PRIVATE CLOUD 106 is similar to public cloud 105, except that the computing resources are only available for use by a single enterprise. While private cloud 106 is depicted as being in communication with WAN 102, in other approaches a private cloud may be disconnected from the internet entirely and only accessible through a local/private network. A hybrid cloud is a composition of multiple clouds of different types (for example, private, community or public cloud types), often respectively implemented by different vendors. Each of the multiple clouds remains a separate and discrete entity, but the larger hybrid cloud architecture is bound together by standardized or proprietary technology that enables orchestration, management, and/or data/application portability between the multiple constituent clouds. In this approach, public cloud 105 and private cloud 106 are both part of a larger hybrid cloud.

CLOUD COMPUTING SERVICES AND/OR MICROSERVICES (not separately shown in FIG. 1): private and public clouds 106 are programmed and configured to deliver cloud computing services and/or microservices (unless otherwise indicated, the word “microservices” shall be interpreted as inclusive of larger “services” regardless of size). Cloud services are infrastructure, platforms, or software that are typically hosted by third-party providers and made available to users through the internet. Cloud services facilitate the flow of user data from front-end clients (for example, user-side servers, tablets, desktops, laptops), through the internet, to the provider's systems, and back. In some approaches, cloud services may be configured and orchestrated according to as “as a service” technology paradigm where something is being presented to an internal or external customer in the form of a cloud computing service. As-a-Service offerings typically provide endpoints with which various customers interface. These endpoints are typically based on a set of APIs. One category of as-a-service offering is Platform as a Service (PaaS), where a service provider provisions, instantiates, runs, and manages a modular bundle of code that customers can use to instantiate a computing platform and one or more applications, without the complexity of building and maintaining the infrastructure typically associated with these things. Another category is Software as a Service (Saas) where software is centrally hosted and allocated on a subscription basis. SaaS is also known as on-demand software, web-based software, or web-hosted software. Four technological sub-fields involved in cloud services are: deployment, integration, on demand, and virtual private networks.

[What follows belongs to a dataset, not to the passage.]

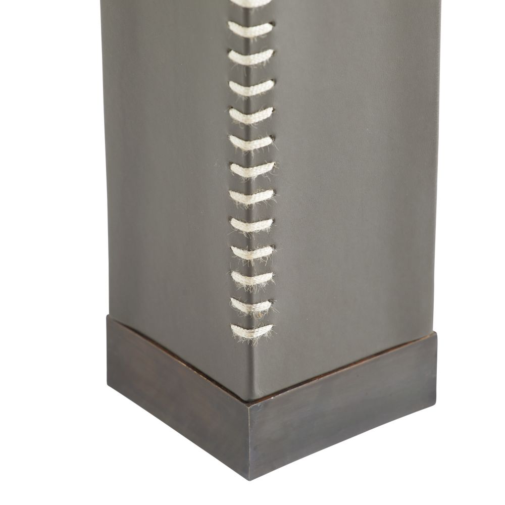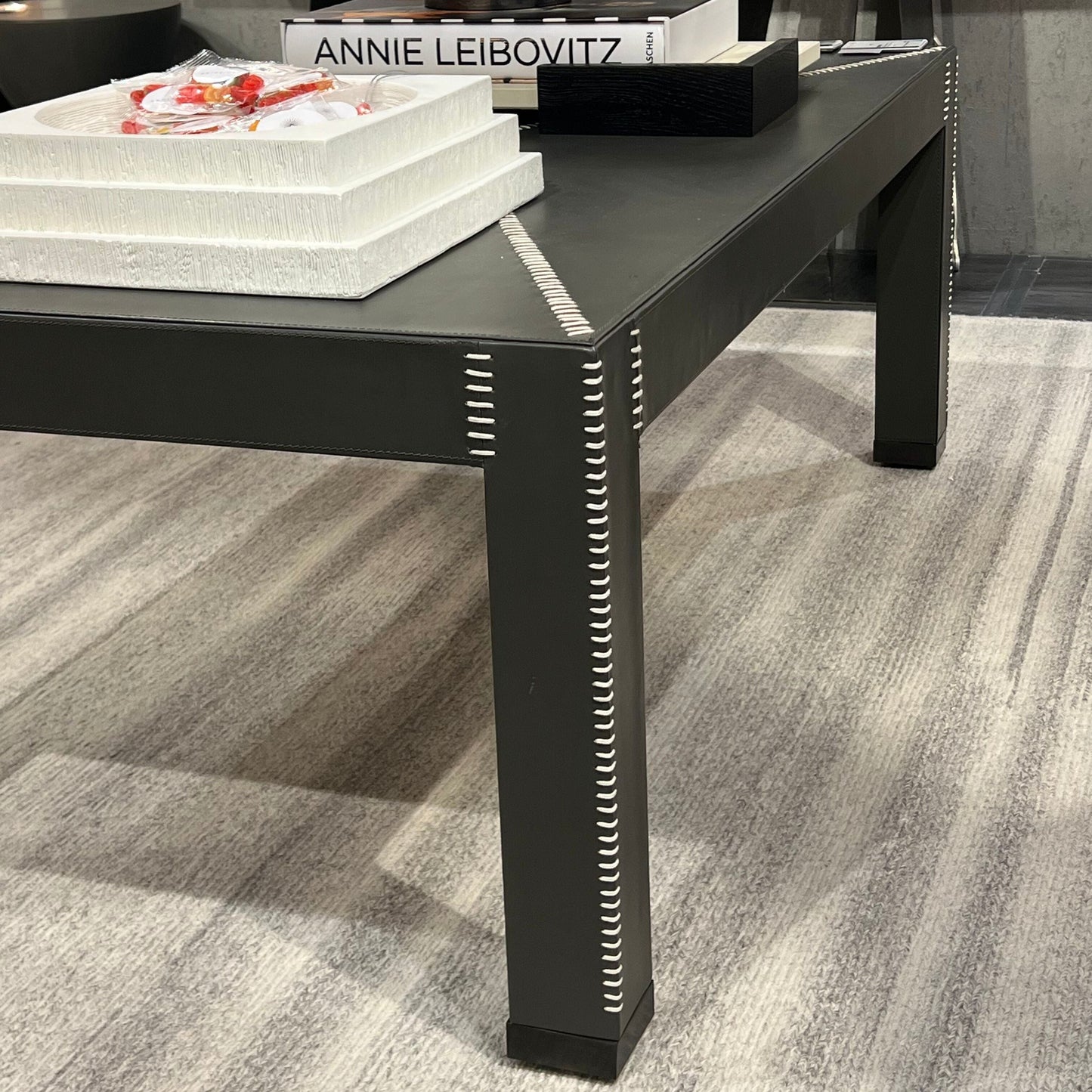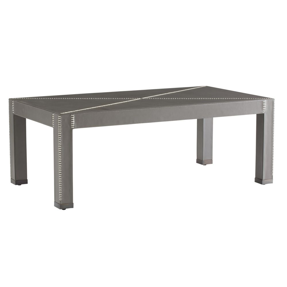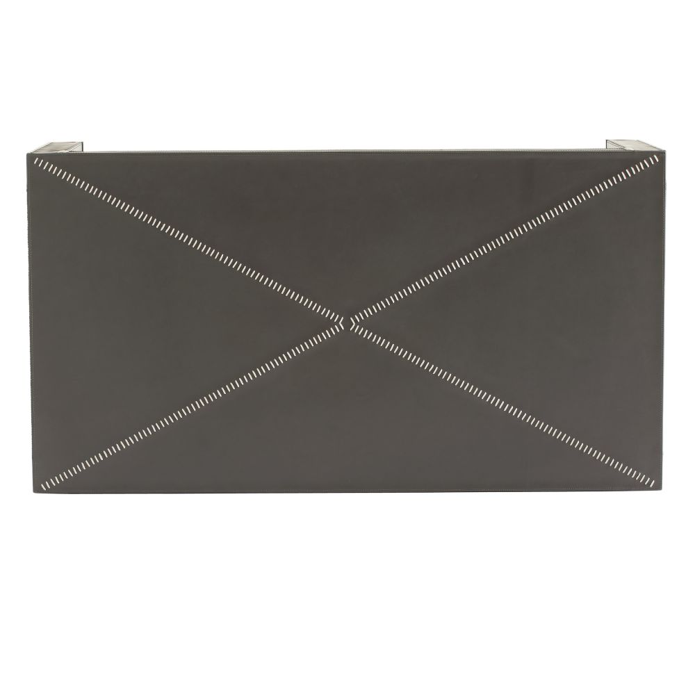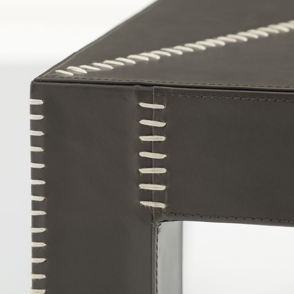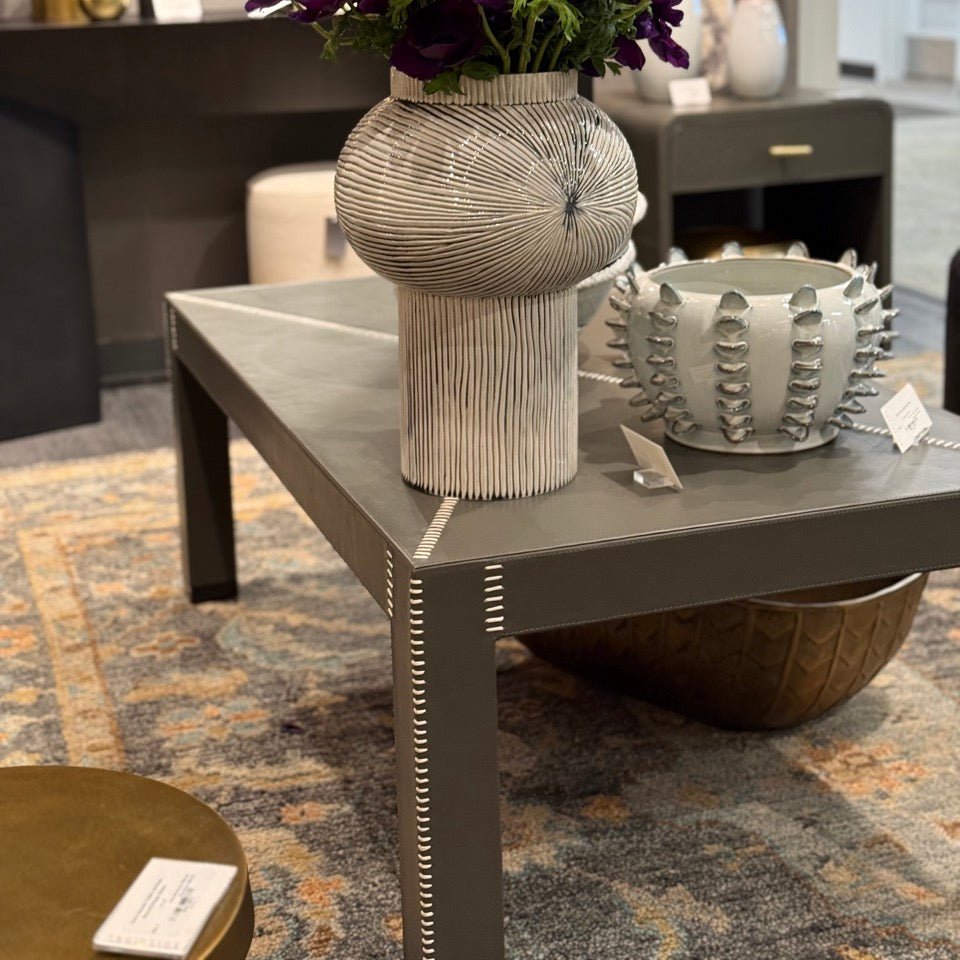 Featuring a stylish graphic X whipstitched design inspired by tailoring, the Hidalago Cocktail Table in Gray Leather from Arteriors Home exudes elegance. The entire surface is covered in dim gray leather, and the blackened bronze-tipped legs lend a touch of sophistication.

In some aspects, a system according to various approaches may include a processor and logic integrated with and/or executable by the processor, the logic being configured to perform one or more of the process steps recited herein. The processor may be of any configuration as described herein, such as a discrete processor or a processing circuit that includes many components such as processing hardware, memory, I/O interfaces, etc. By integrated with, what is meant is that the processor has logic embedded therewith as hardware logic, such as an application specific integrated circuit (ASIC), a FPGA, etc. By executable by the processor, what is meant is that the logic is hardware logic; software logic such as firmware, part of an operating system, part of an application program; etc., or some combination of hardware and software logic that is accessible by the processor and configured to cause the processor to perform some functionality upon execution by the processor. Software logic may be stored on local and/or remote memory of any memory type, as known in the art. Any processor known in the art may be used, such as a software processor module and/or a hardware processor such as an ASIC, a FPGA, a central processing unit (CPU), an integrated circuit (IC), a graphics processing unit (GPU), etc.

Of course, this logic may be implemented as a method on any device and/or system or as a computer program product, according to various approaches.

As noted above, presentations and other types of content are often recorded and distributed later to a much wider audience than a live audience. This often results in edits being made to the video after the presentation is over in order to make it suitable for wider distribution. In such conventional cases, video is recorded during the presentation and later processed by a trained personnel using video processing software to edit the video based on input given by the presenter or another source.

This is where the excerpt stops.